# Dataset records
######

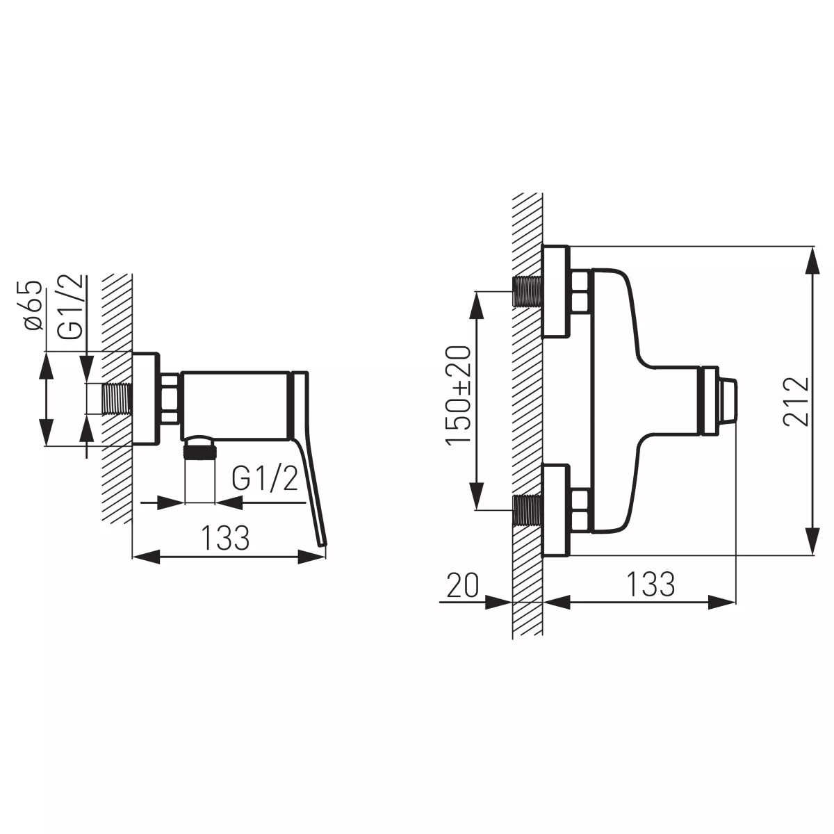 - przyłącze mimośrodowe G1/2 rozstaw 150 ± 20 mm
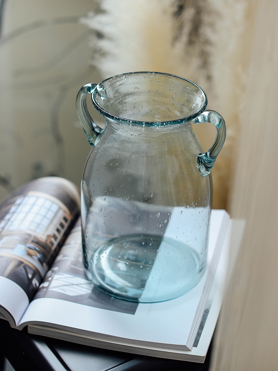 Nordic ins binaural glass vase bubble wide mouth hand-blown transparent flower arrangement water flower planter living room dining table
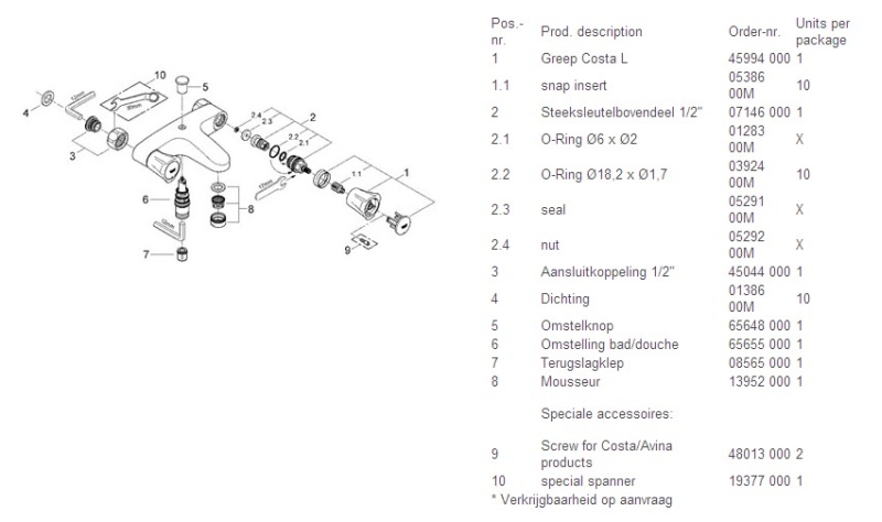 - Bevat geen handdouche en doucheslang, deze dien je apart aan te schaffen
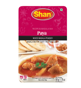 Enhance your traditional Pakistani paya (trotters) curry with Shan’s aromatic Paya Masala. This 48g blend of premium spices delivers a rich, flavorful taste with every use. Perfectly balanced for a bold, savory dish, it simplifies cooking while ensuring authentic results. Enjoy restaurant-quality paya curry at home with Shan’s trusted spice mix!
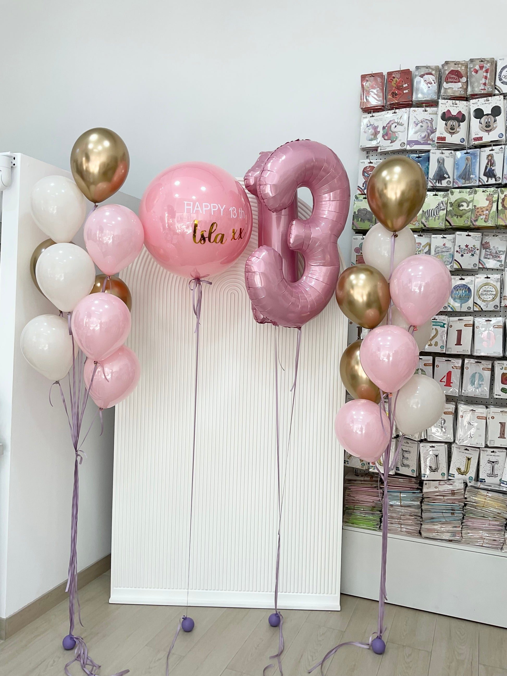 Personalised Helium Clear with Balloon Light Gold, Pink and White Latex Bunch, Pink ‘13’ Number Balloon with Customizable Stickers and Purple Ribbons - Perfect for any Occasions
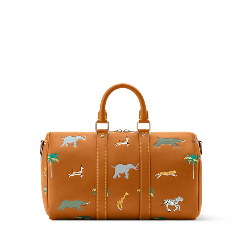 The Keepall Bandoulière 35’s unmistakable silhouette is crafted from natural calf leather with a patina finish, adorned with charging wild animals as part of the LV x The Darjeeling Limited theme. It features bold L.V. initials and a numbered detail inspired by the film. Lined in LV Blason jacquard, it includes a removable, adjustable strap.
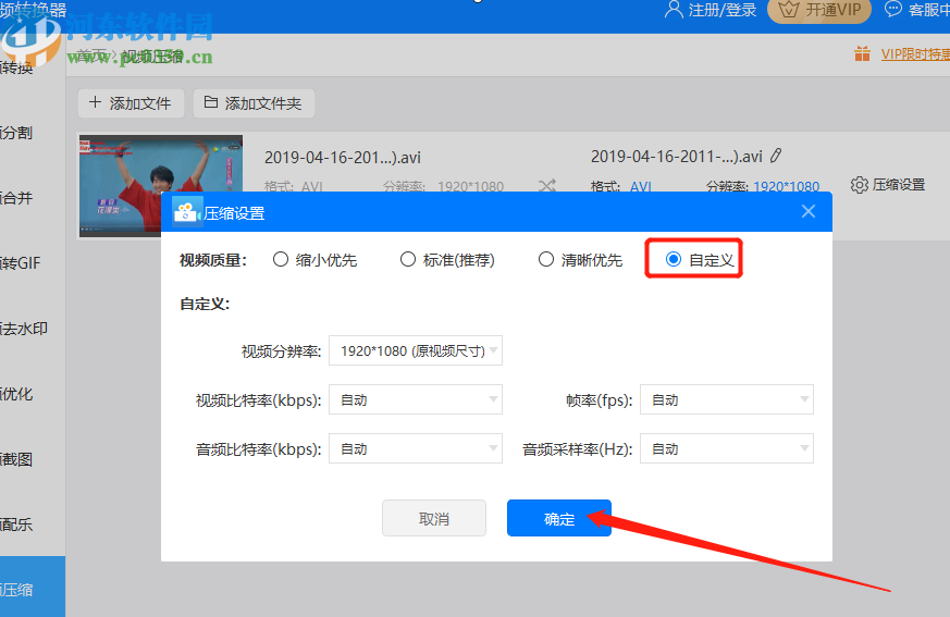 5.点击压缩设置之后紧接着会出现压缩设置的窗口,在其中我们选择自定义设置的话可以根据自己的需求来更改一些压缩参数。
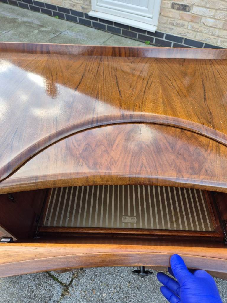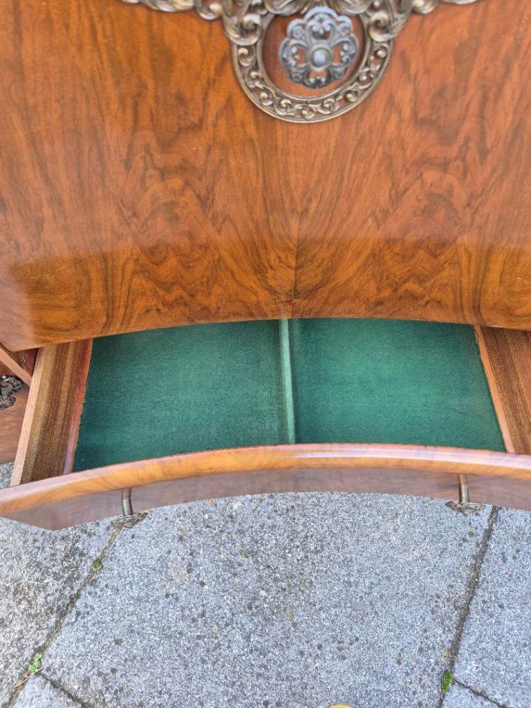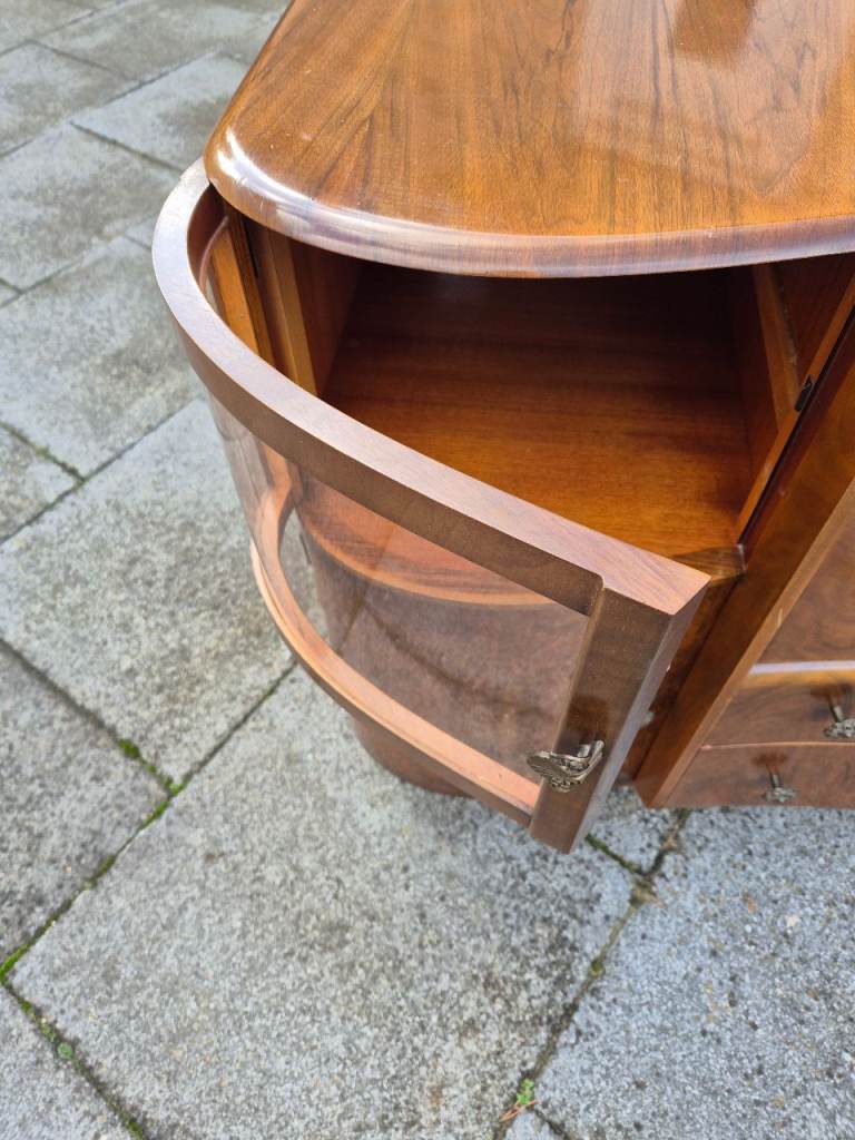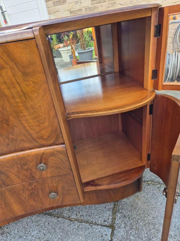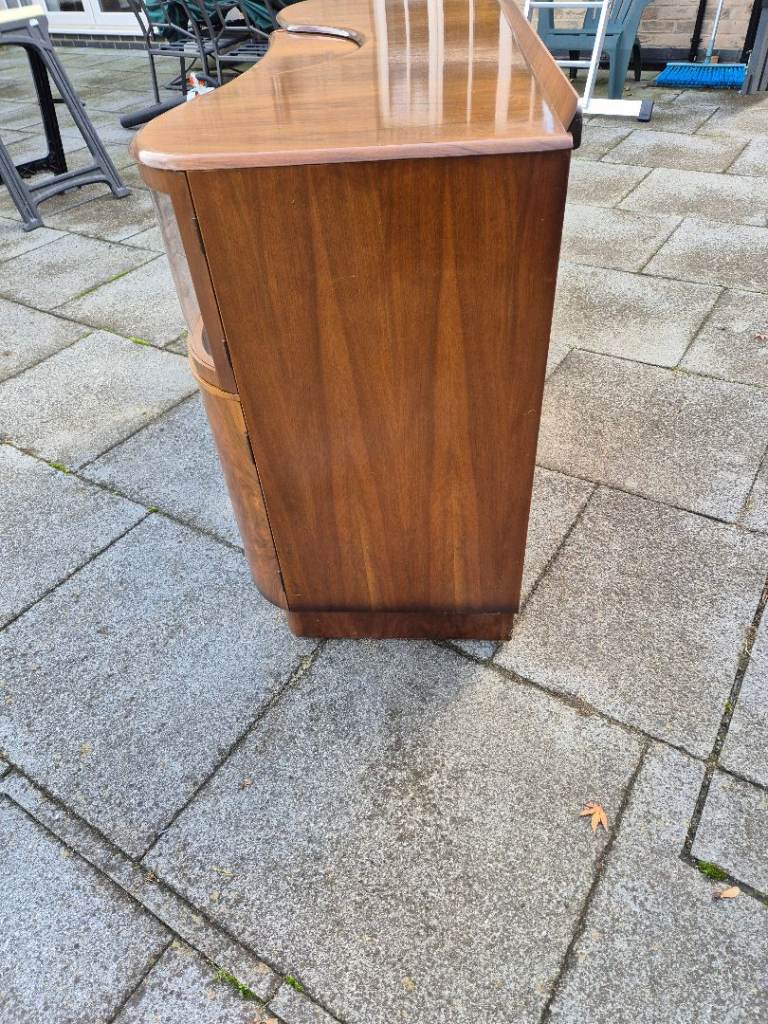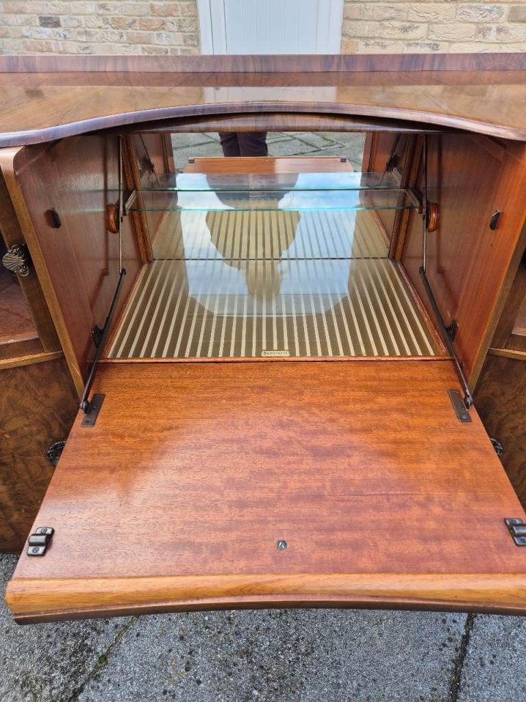 Antique Drinks Sideboard with pull down bar area, 4 side cupboards 2 with curved perspect windows ( looks like glass ) & draws.
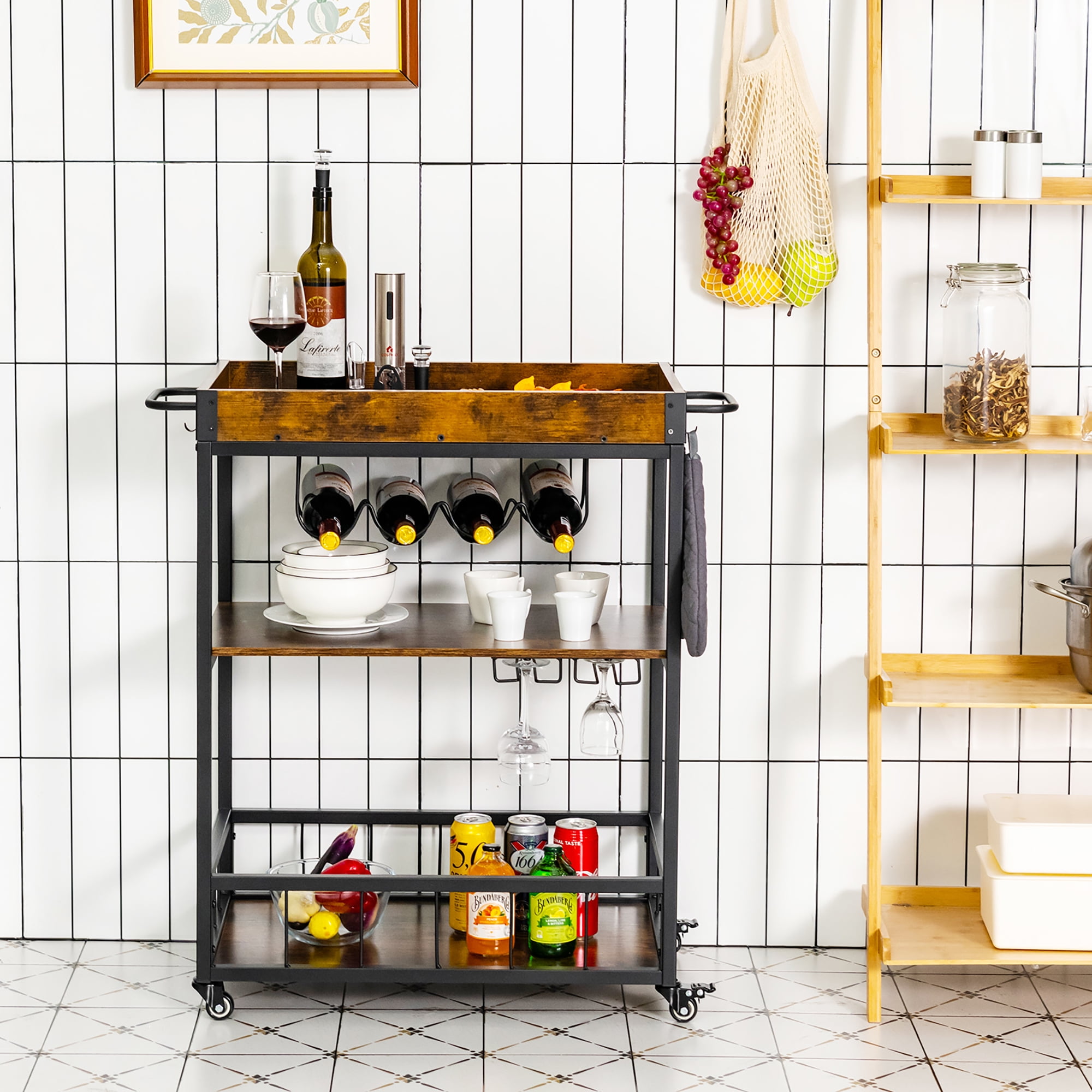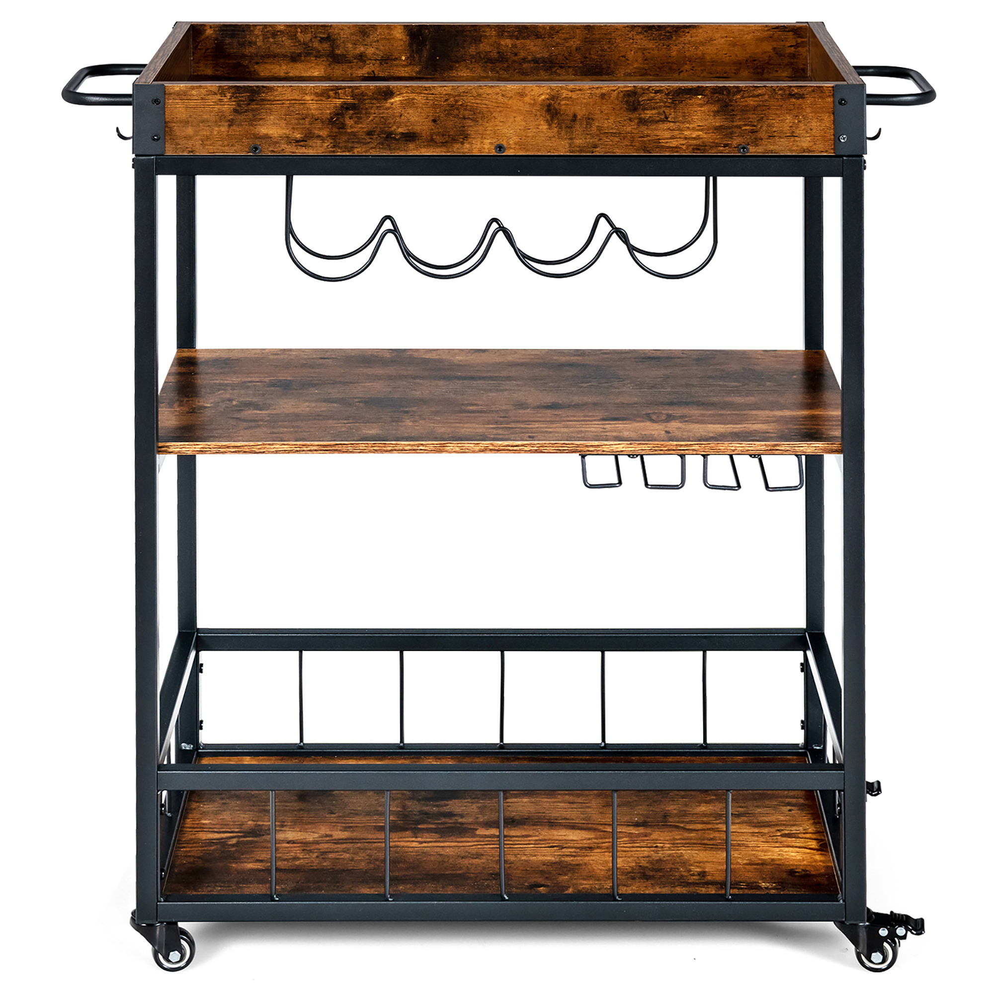 Costway 3-Tier Rolling Kitchen Cart Serving Trolley Wine Rack Removable Tray
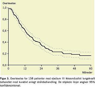Konklusion: De fremlagte resultater viser, at en ikke ubetydelig del af patienterne med stadium III, der behandles med moderne kurativt anlagt strålebehandling, bliver langtidsoverlevere.
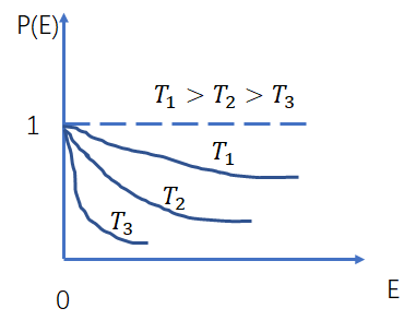 设X代表某一物质体系的微观状态(一组状态变量,如粒子的速度和位置等),E(X)表示该物质在某微观状态下的内能,对于给定温度T,如果体系处于热平衡状态,则在降温退火过程中,其处于某能量状态的概率与温度的关系遵循Boltzmann分布规律。分布函数为:
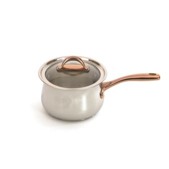 Ouro Gold 6.25" Saucepan 2.5qt. with glass lid is crafted from high-quality, durable 18/10 stainless steel, combining sustainable design with top-notch performance. The saucepan features elegant rose gold handles for a secure and comfortable grip. Its 3-layered base ensures efficient heat distribution, while the glass lid allows you to monitor your cooking without lifting the lid, helping to retain moisture and flavor. Whether you need to simmer sauces, boil vegetables, or even make soups or stew, this saucepan is designed to meet all your culinary needs. Suitable for all cooktops, including Induction, Electric, Gas, Halogen, Glass Top and Vitro-ceramic, this eco-friendly saucepan delivers energy-efficient cooking and versatility for a wide range of dishes. Hand wash only.
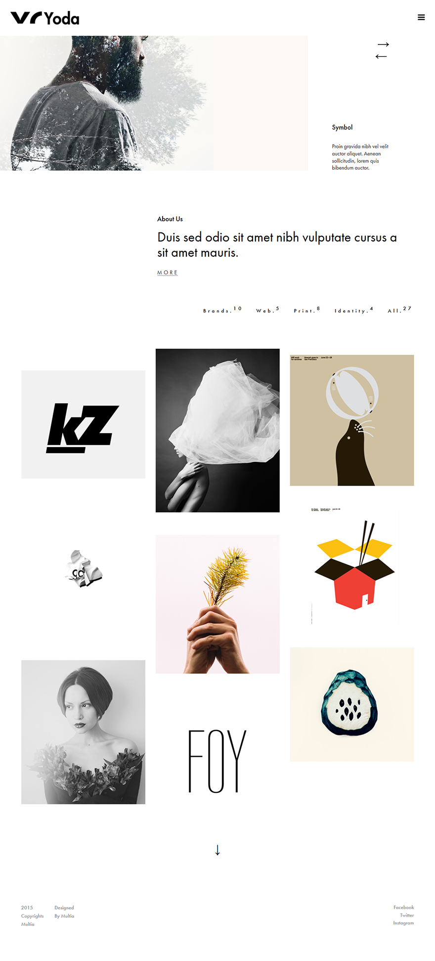 Yoda is a clean and minimalistic responsive template making it ideal for all to showcase their work in the most beautiful manner. Besides being a visually stunning theme, it is also technologically flexible, powerful and highly customizable. It is the perfect template for studios, designers, photographers, freelancers and all people in the design scene. Due to its unique design you will be able present your cool works in less clutter yet effective manner. Yoda is empowered by the latest advancements in HTML5 & CSS3 animations, and builds an engaging user experience by saturating the screen with your amazing artwork or photos. So, show your work & create immersive portfolios with Yoda.

######

# What you are asked to do
Leaving every picture aside, reproduce exactly the lines above from the one with "5.点击压缩设置之后紧接着会" up to and including the one with "Hand wash only.", and no others.

# Answer to this problem
 5.点击压缩设置之后紧接着会出现压缩设置的窗口,在其中我们选择自定义设置的话可以根据自己的需求来更改一些压缩参数。
 Antique Drinks Sideboard with pull down bar area, 4 side cupboards 2 with curved perspect windows ( looks like glass ) & draws.
 Costway 3-Tier Rolling Kitchen Cart Serving Trolley Wine Rack Removable Tray
Konklusion: De fremlagte resultater viser, at en ikke ubetydelig del af patienterne med stadium III, der behandles med moderne kurativt anlagt strålebehandling, bliver langtidsoverlevere.
 设X代表某一物质体系的微观状态(一组状态变量,如粒子的速度和位置等),E(X)表示该物质在某微观状态下的内能,对于给定温度T,如果体系处于热平衡状态,则在降温退火过程中,其处于某能量状态的概率与温度的关系遵循Boltzmann分布规律。分布函数为:
 Ouro Gold 6.25" Saucepan 2.5qt. with glass lid is crafted from high-quality, durable 18/10 stainless steel, combining sustainable design with top-notch performance. The saucepan features elegant rose gold handles for a secure and comfortable grip. Its 3-layered base ensures efficient heat distribution, while the glass lid allows you to monitor your cooking without lifting the lid, helping to retain moisture and flavor. Whether you need to simmer sauces, boil vegetables, or even make soups or stew, this saucepan is designed to meet all your culinary needs. Suitable for all cooktops, including Induction, Electric, Gas, Halogen, Glass Top and Vitro-ceramic, this eco-friendly saucepan delivers energy-efficient cooking and versatility for a wide range of dishes. Hand wash only.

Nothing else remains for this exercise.